Exercise aim: For the data below, give again exactly the lines from the one containing "2021年4月18日下午15" through the one containing "空间设计以智慧社区、绿色能源", both ends included, and no others.

Data:
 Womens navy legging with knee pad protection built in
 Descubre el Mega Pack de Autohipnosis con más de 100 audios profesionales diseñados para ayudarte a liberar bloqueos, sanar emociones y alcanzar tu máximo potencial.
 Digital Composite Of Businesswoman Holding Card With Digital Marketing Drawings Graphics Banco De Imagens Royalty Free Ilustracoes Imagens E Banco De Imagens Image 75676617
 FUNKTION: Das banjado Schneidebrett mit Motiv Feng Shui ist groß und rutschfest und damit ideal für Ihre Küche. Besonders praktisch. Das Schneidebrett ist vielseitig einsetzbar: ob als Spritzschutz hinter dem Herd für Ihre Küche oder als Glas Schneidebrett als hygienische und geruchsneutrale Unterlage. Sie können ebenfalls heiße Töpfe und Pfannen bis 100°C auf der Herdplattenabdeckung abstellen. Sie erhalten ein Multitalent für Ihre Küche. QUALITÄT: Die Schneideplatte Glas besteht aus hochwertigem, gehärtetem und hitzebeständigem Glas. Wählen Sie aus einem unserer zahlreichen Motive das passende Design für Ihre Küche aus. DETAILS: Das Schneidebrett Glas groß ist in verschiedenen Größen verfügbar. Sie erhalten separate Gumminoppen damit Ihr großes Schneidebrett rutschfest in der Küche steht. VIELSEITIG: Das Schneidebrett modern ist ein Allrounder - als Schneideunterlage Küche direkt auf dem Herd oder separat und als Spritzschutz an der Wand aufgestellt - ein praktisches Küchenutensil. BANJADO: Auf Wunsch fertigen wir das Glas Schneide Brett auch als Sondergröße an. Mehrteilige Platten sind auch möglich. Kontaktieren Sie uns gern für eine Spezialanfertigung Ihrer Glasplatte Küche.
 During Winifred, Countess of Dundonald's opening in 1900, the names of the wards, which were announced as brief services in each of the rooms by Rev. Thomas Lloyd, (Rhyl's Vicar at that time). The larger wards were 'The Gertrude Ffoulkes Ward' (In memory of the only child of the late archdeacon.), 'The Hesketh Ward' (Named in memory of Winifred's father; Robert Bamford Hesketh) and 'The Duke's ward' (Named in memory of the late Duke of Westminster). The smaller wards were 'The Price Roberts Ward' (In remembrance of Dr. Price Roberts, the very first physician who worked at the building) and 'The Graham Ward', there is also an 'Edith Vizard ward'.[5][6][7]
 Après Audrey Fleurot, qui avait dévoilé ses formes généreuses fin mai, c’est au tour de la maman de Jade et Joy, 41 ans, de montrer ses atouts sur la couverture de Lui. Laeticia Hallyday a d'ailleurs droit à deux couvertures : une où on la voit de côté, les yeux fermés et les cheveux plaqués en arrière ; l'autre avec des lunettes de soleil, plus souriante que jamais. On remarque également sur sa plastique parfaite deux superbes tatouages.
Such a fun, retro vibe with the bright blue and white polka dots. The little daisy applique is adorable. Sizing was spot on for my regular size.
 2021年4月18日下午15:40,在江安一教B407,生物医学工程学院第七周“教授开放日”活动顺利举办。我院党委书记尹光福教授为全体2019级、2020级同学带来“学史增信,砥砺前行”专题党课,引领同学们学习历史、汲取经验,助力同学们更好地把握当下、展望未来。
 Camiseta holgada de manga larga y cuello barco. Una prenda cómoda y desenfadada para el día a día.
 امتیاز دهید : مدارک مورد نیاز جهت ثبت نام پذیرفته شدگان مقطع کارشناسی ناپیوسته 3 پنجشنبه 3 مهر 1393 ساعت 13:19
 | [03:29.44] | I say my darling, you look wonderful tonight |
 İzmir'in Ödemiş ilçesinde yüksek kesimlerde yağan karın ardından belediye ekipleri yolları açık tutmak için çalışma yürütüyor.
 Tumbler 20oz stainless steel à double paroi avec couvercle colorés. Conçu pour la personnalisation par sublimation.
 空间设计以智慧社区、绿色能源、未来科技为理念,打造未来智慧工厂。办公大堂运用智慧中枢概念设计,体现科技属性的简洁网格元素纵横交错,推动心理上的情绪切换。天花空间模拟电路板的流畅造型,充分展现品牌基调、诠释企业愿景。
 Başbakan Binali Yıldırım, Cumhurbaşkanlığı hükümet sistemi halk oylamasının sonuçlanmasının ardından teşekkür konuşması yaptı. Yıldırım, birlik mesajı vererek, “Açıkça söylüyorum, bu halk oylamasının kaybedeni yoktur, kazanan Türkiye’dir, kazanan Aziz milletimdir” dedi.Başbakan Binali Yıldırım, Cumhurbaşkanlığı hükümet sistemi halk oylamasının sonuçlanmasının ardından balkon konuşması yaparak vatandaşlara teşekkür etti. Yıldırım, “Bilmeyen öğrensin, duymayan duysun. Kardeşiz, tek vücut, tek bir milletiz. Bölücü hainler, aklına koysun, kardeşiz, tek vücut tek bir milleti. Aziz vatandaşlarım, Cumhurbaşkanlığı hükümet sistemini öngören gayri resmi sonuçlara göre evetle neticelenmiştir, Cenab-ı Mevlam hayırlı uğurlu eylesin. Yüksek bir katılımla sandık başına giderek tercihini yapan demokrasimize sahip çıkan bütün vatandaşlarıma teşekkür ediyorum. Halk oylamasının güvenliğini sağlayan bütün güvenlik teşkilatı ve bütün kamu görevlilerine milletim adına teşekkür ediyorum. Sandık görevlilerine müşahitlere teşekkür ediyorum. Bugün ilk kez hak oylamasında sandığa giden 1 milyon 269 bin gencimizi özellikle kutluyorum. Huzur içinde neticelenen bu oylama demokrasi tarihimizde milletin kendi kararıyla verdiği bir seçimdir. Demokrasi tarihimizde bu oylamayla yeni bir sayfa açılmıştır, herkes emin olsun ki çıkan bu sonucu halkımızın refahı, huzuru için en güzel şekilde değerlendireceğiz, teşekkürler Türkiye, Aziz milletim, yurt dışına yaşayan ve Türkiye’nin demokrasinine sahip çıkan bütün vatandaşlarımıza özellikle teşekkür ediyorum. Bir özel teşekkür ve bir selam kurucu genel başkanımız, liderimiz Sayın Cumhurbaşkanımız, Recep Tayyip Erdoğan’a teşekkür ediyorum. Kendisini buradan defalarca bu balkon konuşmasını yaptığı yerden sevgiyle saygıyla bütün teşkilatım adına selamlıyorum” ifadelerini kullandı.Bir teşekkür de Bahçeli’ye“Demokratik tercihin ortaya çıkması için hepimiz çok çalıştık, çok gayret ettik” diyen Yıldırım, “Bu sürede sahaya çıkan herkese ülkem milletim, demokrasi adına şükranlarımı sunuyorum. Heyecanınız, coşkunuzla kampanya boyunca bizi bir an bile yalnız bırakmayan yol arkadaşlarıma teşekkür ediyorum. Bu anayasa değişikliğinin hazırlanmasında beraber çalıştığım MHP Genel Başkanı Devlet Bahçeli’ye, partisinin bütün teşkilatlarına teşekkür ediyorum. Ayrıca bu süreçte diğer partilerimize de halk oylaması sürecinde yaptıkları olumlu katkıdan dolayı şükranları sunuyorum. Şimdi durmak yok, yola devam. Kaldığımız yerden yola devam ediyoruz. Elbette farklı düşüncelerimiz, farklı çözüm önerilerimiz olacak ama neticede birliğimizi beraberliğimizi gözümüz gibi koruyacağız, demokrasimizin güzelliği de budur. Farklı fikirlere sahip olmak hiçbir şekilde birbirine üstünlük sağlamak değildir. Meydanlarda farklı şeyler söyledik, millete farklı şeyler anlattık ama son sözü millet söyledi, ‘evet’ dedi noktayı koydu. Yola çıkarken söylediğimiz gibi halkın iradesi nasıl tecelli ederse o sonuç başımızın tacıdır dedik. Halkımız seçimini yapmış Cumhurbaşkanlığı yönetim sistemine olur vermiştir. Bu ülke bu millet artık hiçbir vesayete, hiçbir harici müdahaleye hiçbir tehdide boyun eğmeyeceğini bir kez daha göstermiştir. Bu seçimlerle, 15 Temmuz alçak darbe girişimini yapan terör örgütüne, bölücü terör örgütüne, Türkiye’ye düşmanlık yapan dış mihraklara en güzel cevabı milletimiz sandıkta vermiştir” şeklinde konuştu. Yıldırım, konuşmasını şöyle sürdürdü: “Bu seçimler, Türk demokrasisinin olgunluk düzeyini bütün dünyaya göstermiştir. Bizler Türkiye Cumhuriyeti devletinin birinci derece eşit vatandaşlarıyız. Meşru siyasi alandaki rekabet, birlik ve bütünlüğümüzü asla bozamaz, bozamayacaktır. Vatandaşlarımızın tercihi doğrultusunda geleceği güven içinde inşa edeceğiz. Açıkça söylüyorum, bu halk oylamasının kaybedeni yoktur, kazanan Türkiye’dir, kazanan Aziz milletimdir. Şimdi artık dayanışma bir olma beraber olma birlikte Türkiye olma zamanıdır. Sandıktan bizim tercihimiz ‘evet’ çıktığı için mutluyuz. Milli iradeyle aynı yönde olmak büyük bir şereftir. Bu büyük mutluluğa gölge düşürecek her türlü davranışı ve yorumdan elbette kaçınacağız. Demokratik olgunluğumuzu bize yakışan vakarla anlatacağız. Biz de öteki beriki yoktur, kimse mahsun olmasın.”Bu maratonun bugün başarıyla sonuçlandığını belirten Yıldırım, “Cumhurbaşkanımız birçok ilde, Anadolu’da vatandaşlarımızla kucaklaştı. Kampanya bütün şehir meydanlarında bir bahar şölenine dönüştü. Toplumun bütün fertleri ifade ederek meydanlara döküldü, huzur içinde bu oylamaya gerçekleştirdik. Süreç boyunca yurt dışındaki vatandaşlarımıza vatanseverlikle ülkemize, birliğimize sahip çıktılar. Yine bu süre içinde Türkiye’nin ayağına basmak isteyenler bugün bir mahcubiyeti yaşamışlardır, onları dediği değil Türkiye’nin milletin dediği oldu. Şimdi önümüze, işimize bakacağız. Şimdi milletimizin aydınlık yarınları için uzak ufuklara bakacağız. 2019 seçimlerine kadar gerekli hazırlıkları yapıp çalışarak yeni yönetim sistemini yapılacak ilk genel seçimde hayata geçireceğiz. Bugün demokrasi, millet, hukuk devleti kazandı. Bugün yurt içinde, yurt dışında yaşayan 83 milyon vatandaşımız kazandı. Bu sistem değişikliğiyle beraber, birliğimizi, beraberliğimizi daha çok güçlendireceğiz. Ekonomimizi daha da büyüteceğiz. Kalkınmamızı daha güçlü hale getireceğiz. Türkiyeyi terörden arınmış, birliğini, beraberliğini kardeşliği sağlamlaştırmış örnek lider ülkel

The answer:
 2021年4月18日下午15:40,在江安一教B407,生物医学工程学院第七周“教授开放日”活动顺利举办。我院党委书记尹光福教授为全体2019级、2020级同学带来“学史增信,砥砺前行”专题党课,引领同学们学习历史、汲取经验,助力同学们更好地把握当下、展望未来。
 Camiseta holgada de manga larga y cuello barco. Una prenda cómoda y desenfadada para el día a día.
 امتیاز دهید : مدارک مورد نیاز جهت ثبت نام پذیرفته شدگان مقطع کارشناسی ناپیوسته 3 پنجشنبه 3 مهر 1393 ساعت 13:19
 | [03:29.44] | I say my darling, you look wonderful tonight |
 İzmir'in Ödemiş ilçesinde yüksek kesimlerde yağan karın ardından belediye ekipleri yolları açık tutmak için çalışma yürütüyor.
 Tumbler 20oz stainless steel à double paroi avec couvercle colorés. Conçu pour la personnalisation par sublimation.
 空间设计以智慧社区、绿色能源、未来科技为理念,打造未来智慧工厂。办公大堂运用智慧中枢概念设计,体现科技属性的简洁网格元素纵横交错,推动心理上的情绪切换。天花空间模拟电路板的流畅造型,充分展现品牌基调、诠释企业愿景。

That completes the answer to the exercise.